Source/WebCore/ChangeLog

@@ -1,3 +1,23 @@
+2016-04-14  Dean Jackson  <dino@apple.com>
+
+        CrashTracer: com.apple.WebKit.WebContent at com.apple.WebCore: WebCore::CachedResource::addClientToSet + 27
+        https://bugs.webkit.org/show_bug.cgi?id=156602
+        <rdar://problem/18921091>
+
+        Reviewed by Simon Fraser.
+
+        The CSS property list-style-image is inherited, so a transition on a parent
+        might cause a transition on a child. On that child, the value might be between
+        two generated crossfade images which haven't yet resolved, causing a crash.
+
+        Test: transitions/crossfade-transition.html
+
+        * css/CSSCrossfadeValue.cpp:
+        (WebCore::CSSCrossfadeValue::blend): Return null if there are no cached images.
+        * page/animation/CSSPropertyAnimation.cpp:
+        (WebCore::blendFunc): If we don't have an actual image to blend between, fall
+        out to the default case.
+
 2016-04-14  Antonio Gomes  <tonikitoo@webkit.org>
 
         Allow listbox content and scrollbar to intrude padding area.

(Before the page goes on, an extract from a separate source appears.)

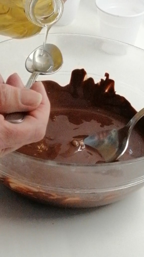 Lasse 2 Esslöffel geschmolzene Schokolade in die Becher fließen, indem du das Glas sehr langsam drehst, sodass es bis zum Rand gelangt.

Source/WebCore/css/CSSCrossfadeValue.cpp

@@ -194,6 +194,8 @@ bool CSSCrossfadeValue::traverseSubresources(const std::function<bool (const Cac
 RefPtr<CSSCrossfadeValue> CSSCrossfadeValue::blend(const CSSCrossfadeValue& from, double progress) const
 {
     ASSERT(equalInputImages(from));
+    if (!m_cachedToImage || !m_cachedFromImage)
+        return nullptr;
     RefPtr<StyleCachedImage> toStyledImage = StyleCachedImage::create(m_cachedToImage.get());
     RefPtr<StyleCachedImage> fromStyledImage = StyleCachedImage::create(m_cachedFromImage.get());
 

Source/WebCore/page/animation/CSSPropertyAnimation.cpp

@@ -318,8 +318,10 @@ static inline PassRefPtr<StyleImage> blendFunc(const AnimationBase* anim, StyleI
         if (is<CSSCrossfadeValue>(fromGenerated) && is<CSSCrossfadeValue>(toGenerated)) {
             CSSCrossfadeValue& fromCrossfade = downcast<CSSCrossfadeValue>(fromGenerated);
             CSSCrossfadeValue& toCrossfade = downcast<CSSCrossfadeValue>(toGenerated);
-            if (fromCrossfade.equalInputImages(toCrossfade))
-                return StyleGeneratedImage::create(*toCrossfade.blend(fromCrossfade, progress));
+            if (fromCrossfade.equalInputImages(toCrossfade)) {
+                if (auto crossfadeBlend = toCrossfade.blend(fromCrossfade, progress))
+                    return StyleGeneratedImage::create(*crossfadeBlend);
+            }
         }
 
         // FIXME: Add support for animation between two *gradient() functions.